Start of Data for processing

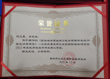 重慶分行榮獲2022年稅收學(xué)術(shù)年會(huì)論文三等獎(jiǎng)
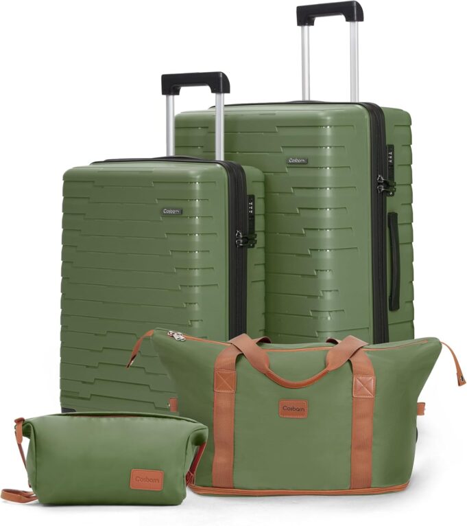 【High-quality PP Material】Cosbarn PP luggage sets feature high-quality PP material, known for its recyclability and environmental friendliness compared to ABS. The PP luggage boasts superior resistance to extreme temperatures, increased impact resistance, and a reduced risk of cracking, making it a durable and sustainable choice for travelers.
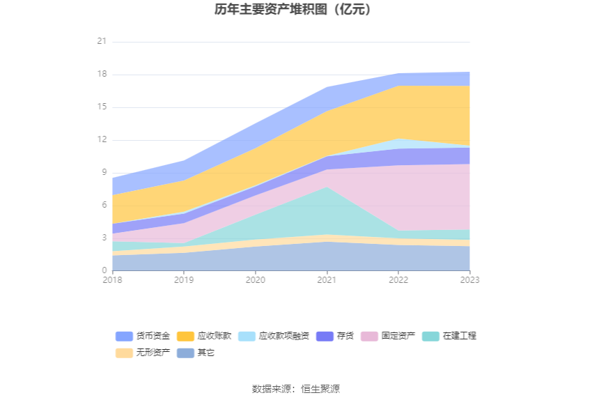 资产重大变化方面,截至2023年年末,公司应收款项融资较上年末减少80.12%,占公司总资产比重下降4.11个百分点;应收账款较上年末增加13.33%,占公司总资产比重上升3.37个百分点;在建工程较上年末增加32.23%,占公司总资产比重上升1.26个百分点;货币资金较上年末增加10.52%,占公司总资产比重上升0.64个百分点。
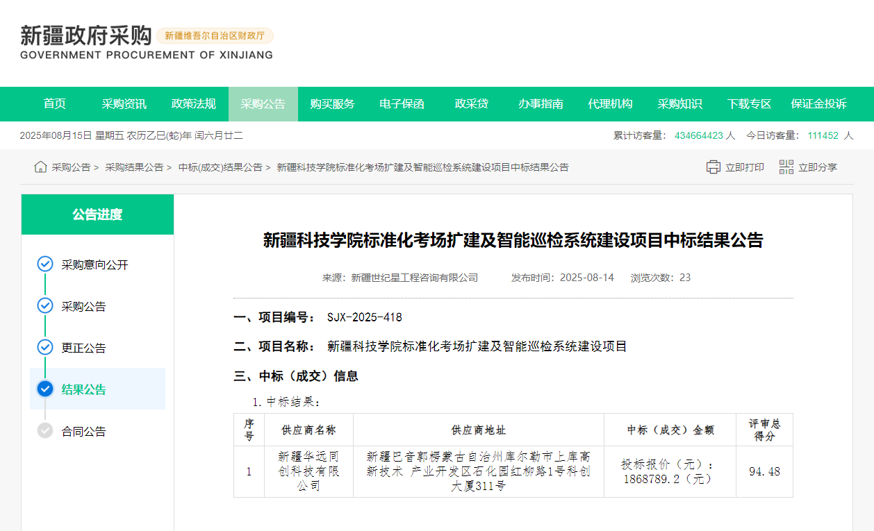 2025年8月14日,新疆政府采購(gòu)網(wǎng)發(fā)布中標(biāo)公告,新疆華遠(yuǎn)同創(chuàng)科技有限公司憑借雄厚的綜合實(shí)力,以94.48分的佳績(jī)成功中標(biāo)新疆科技學(xué)院標(biāo)準(zhǔn)化考場(chǎng)擴(kuò)建及智能巡檢系統(tǒng)建設(shè)項(xiàng)目,在教育信息化領(lǐng)域再添里程碑項(xiàng)目。
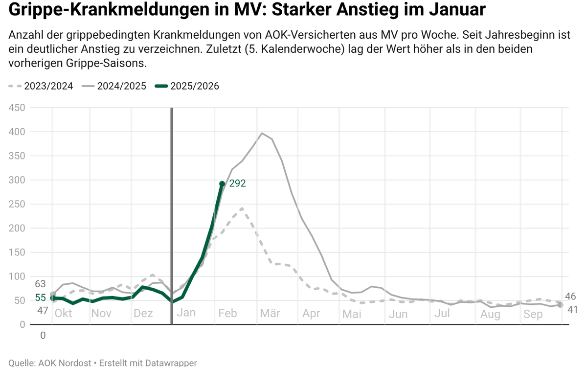 Zum Start der Winterferien hat die Grippewelle in MV an Fahrt aufgenommen. Im Januar fehlten mehr Menschen grippebedingt im Job als in den Vorjahren. Und im Vergleich zum Jahresbeginn haben sich die Grippe-Krankmeldungen zuletzt sogar verfünffacht. Das zeigt eine Auswertung der AOK Die AOK hat mit mehr als 20,9 Millionen Mitgliedern (Stand November 2021) als zweistärkste Kassenart… Nordost, der größten Krankenkasse in MV.
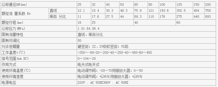 電動(dòng)雙座調(diào)節(jié)閥技術(shù)參數(shù)
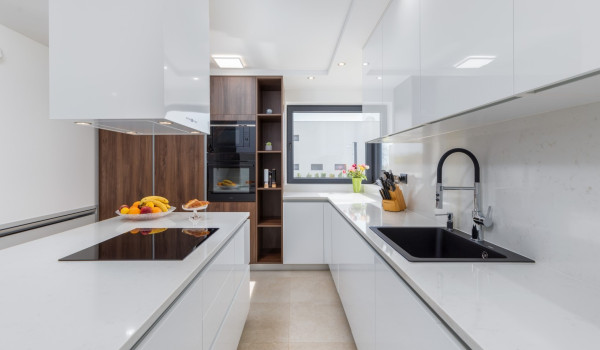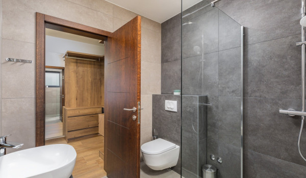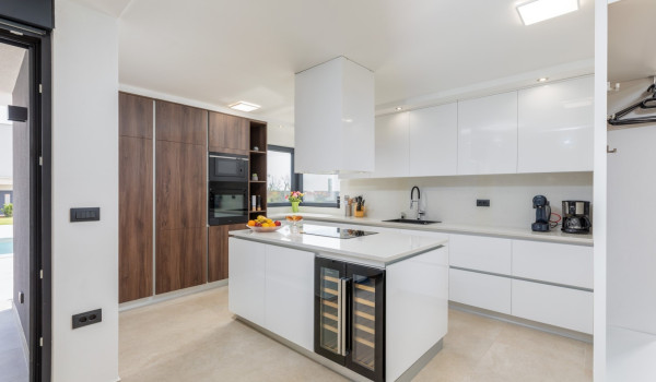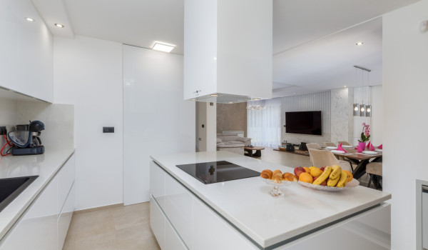 Ova luksuzna privatna vila za odmor i najam u Istri ima potpuno opremljenu kuhinju s otokom, prostrani dnevni boravak i 4 spavaće sobe s en-suite kupaonicama te dodatni toalet.

End of Data for processing

Line by line, write out the data above exactly, without the pictures.

 重慶分行榮獲2022年稅收學(xué)術(shù)年會(huì)論文三等獎(jiǎng)
 【High-quality PP Material】Cosbarn PP luggage sets feature high-quality PP material, known for its recyclability and environmental friendliness compared to ABS. The PP luggage boasts superior resistance to extreme temperatures, increased impact resistance, and a reduced risk of cracking, making it a durable and sustainable choice for travelers.
 资产重大变化方面,截至2023年年末,公司应收款项融资较上年末减少80.12%,占公司总资产比重下降4.11个百分点;应收账款较上年末增加13.33%,占公司总资产比重上升3.37个百分点;在建工程较上年末增加32.23%,占公司总资产比重上升1.26个百分点;货币资金较上年末增加10.52%,占公司总资产比重上升0.64个百分点。
 2025年8月14日,新疆政府采購(gòu)網(wǎng)發(fā)布中標(biāo)公告,新疆華遠(yuǎn)同創(chuàng)科技有限公司憑借雄厚的綜合實(shí)力,以94.48分的佳績(jī)成功中標(biāo)新疆科技學(xué)院標(biāo)準(zhǔn)化考場(chǎng)擴(kuò)建及智能巡檢系統(tǒng)建設(shè)項(xiàng)目,在教育信息化領(lǐng)域再添里程碑項(xiàng)目。
 Zum Start der Winterferien hat die Grippewelle in MV an Fahrt aufgenommen. Im Januar fehlten mehr Menschen grippebedingt im Job als in den Vorjahren. Und im Vergleich zum Jahresbeginn haben sich die Grippe-Krankmeldungen zuletzt sogar verfünffacht. Das zeigt eine Auswertung der AOK Die AOK hat mit mehr als 20,9 Millionen Mitgliedern (Stand November 2021) als zweistärkste Kassenart… Nordost, der größten Krankenkasse in MV.
 電動(dòng)雙座調(diào)節(jié)閥技術(shù)參數(shù)
 Ova luksuzna privatna vila za odmor i najam u Istri ima potpuno opremljenu kuhinju s otokom, prostrani dnevni boravak i 4 spavaće sobe s en-suite kupaonicama te dodatni toalet.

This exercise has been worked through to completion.